Output the complete listing exactly, please, and keep the pictures out of it.

(Beginning of DATA EXCERPT)

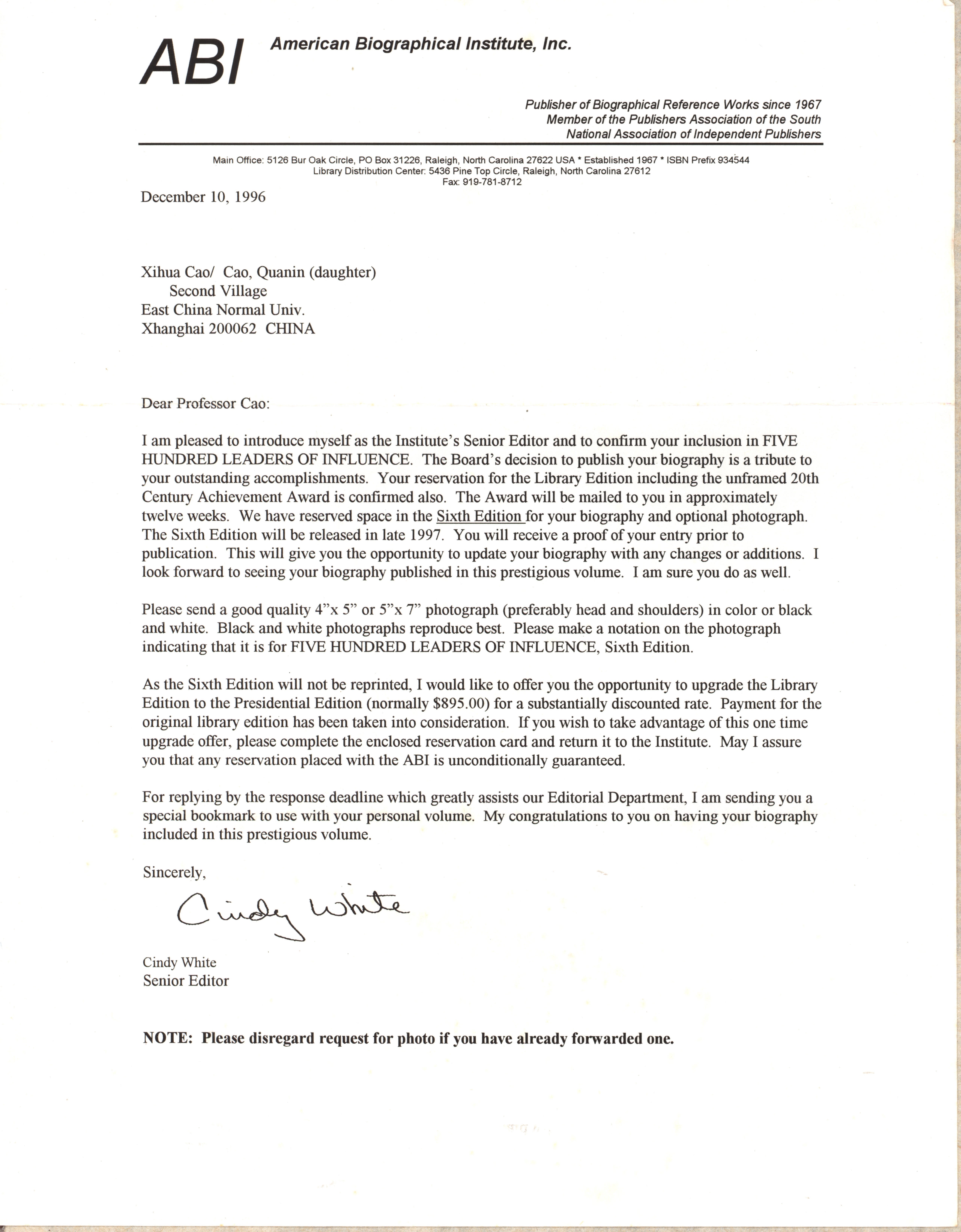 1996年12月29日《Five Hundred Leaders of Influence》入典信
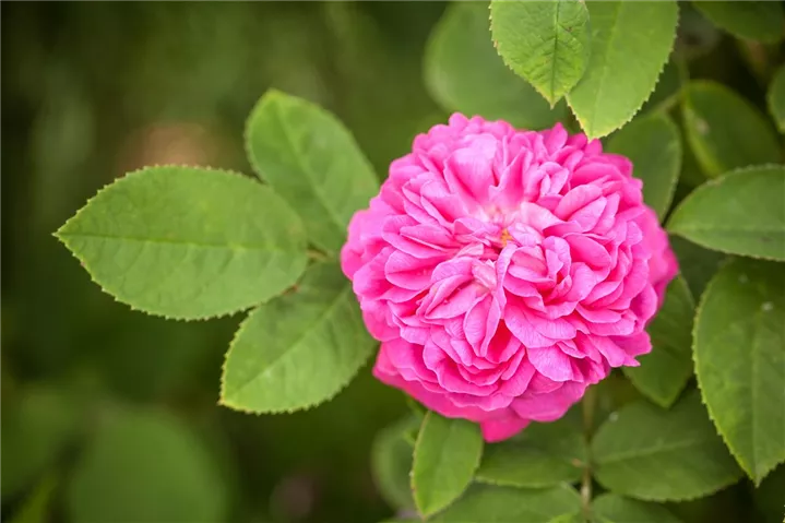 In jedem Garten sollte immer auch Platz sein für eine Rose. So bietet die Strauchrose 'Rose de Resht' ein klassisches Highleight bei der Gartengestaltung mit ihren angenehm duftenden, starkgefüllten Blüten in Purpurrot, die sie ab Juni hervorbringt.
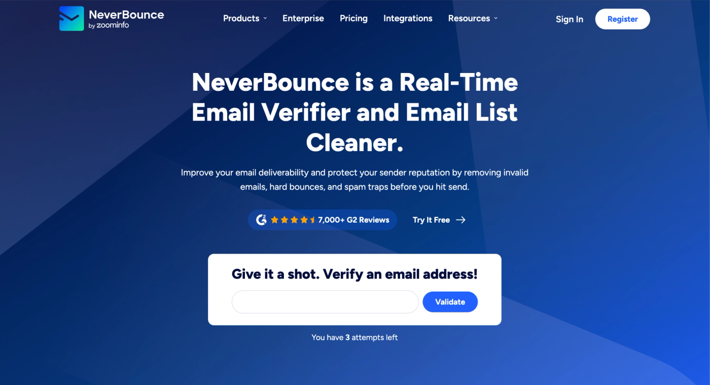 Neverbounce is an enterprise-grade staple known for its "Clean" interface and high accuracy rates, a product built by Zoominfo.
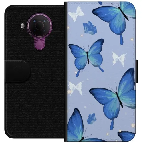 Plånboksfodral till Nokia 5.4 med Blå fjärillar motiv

(End of DATA EXCERPT)

| ANSWER BELOW |
 1996年12月29日《Five Hundred Leaders of Influence》入典信
 In jedem Garten sollte immer auch Platz sein für eine Rose. So bietet die Strauchrose 'Rose de Resht' ein klassisches Highleight bei der Gartengestaltung mit ihren angenehm duftenden, starkgefüllten Blüten in Purpurrot, die sie ab Juni hervorbringt.
 Neverbounce is an enterprise-grade staple known for its "Clean" interface and high accuracy rates, a product built by Zoominfo.
 Plånboksfodral till Nokia 5.4 med Blå fjärillar motiv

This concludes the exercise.